START Data below
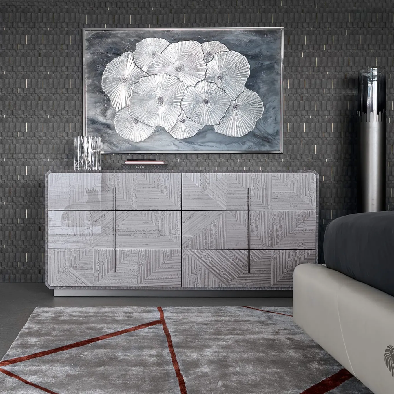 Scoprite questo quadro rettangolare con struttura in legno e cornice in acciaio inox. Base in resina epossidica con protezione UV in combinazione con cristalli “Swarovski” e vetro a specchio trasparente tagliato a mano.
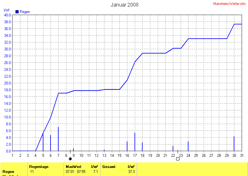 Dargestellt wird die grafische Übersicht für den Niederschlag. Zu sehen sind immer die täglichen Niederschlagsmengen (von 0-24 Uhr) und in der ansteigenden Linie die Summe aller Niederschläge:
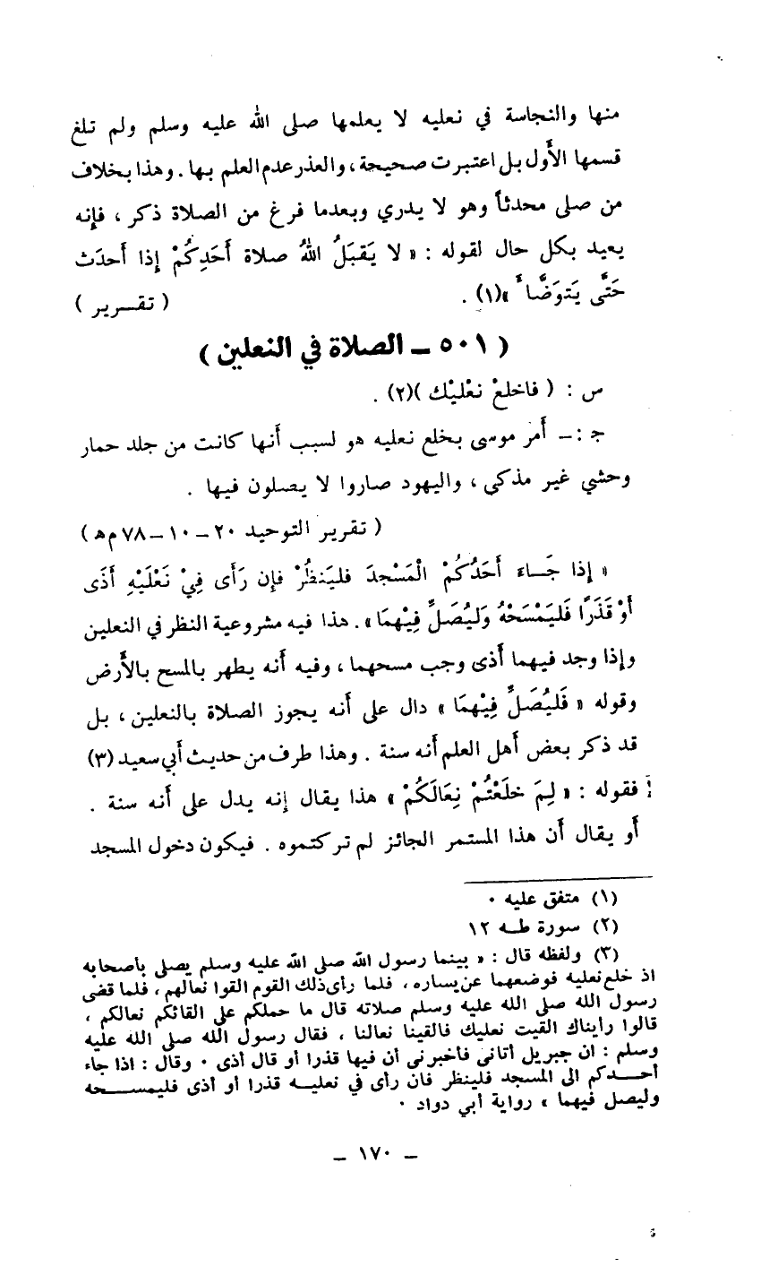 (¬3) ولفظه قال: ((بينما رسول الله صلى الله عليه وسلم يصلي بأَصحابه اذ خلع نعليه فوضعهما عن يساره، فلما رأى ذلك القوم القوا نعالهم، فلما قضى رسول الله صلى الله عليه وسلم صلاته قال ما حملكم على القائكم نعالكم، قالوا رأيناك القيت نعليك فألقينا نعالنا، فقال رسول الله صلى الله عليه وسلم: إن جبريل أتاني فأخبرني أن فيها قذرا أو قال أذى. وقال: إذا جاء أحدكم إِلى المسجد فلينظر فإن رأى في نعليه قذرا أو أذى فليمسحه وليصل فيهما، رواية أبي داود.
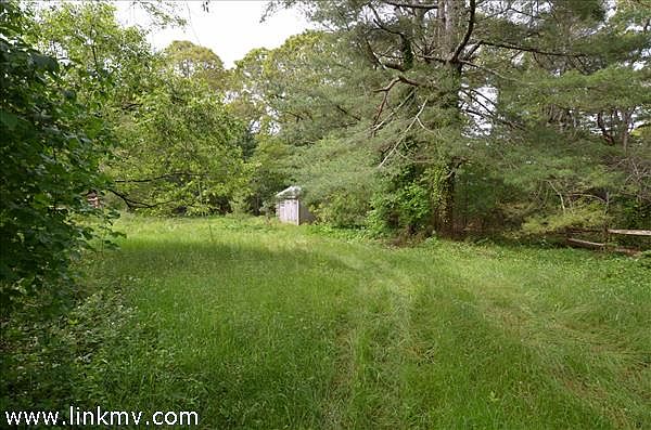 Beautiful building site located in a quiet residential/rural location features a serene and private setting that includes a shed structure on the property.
END Data below
Nothing should appear in the answer except the lines from the first line of the data through the line holding "(¬3) ولفظه قال: ((بينما", exactly as written, with pictures left out.

 Scoprite questo quadro rettangolare con struttura in legno e cornice in acciaio inox. Base in resina epossidica con protezione UV in combinazione con cristalli “Swarovski” e vetro a specchio trasparente tagliato a mano.
 Dargestellt wird die grafische Übersicht für den Niederschlag. Zu sehen sind immer die täglichen Niederschlagsmengen (von 0-24 Uhr) und in der ansteigenden Linie die Summe aller Niederschläge:
 (¬3) ولفظه قال: ((بينما رسول الله صلى الله عليه وسلم يصلي بأَصحابه اذ خلع نعليه فوضعهما عن يساره، فلما رأى ذلك القوم القوا نعالهم، فلما قضى رسول الله صلى الله عليه وسلم صلاته قال ما حملكم على القائكم نعالكم، قالوا رأيناك القيت نعليك فألقينا نعالنا، فقال رسول الله صلى الله عليه وسلم: إن جبريل أتاني فأخبرني أن فيها قذرا أو قال أذى. وقال: إذا جاء أحدكم إِلى المسجد فلينظر فإن رأى في نعليه قذرا أو أذى فليمسحه وليصل فيهما، رواية أبي داود.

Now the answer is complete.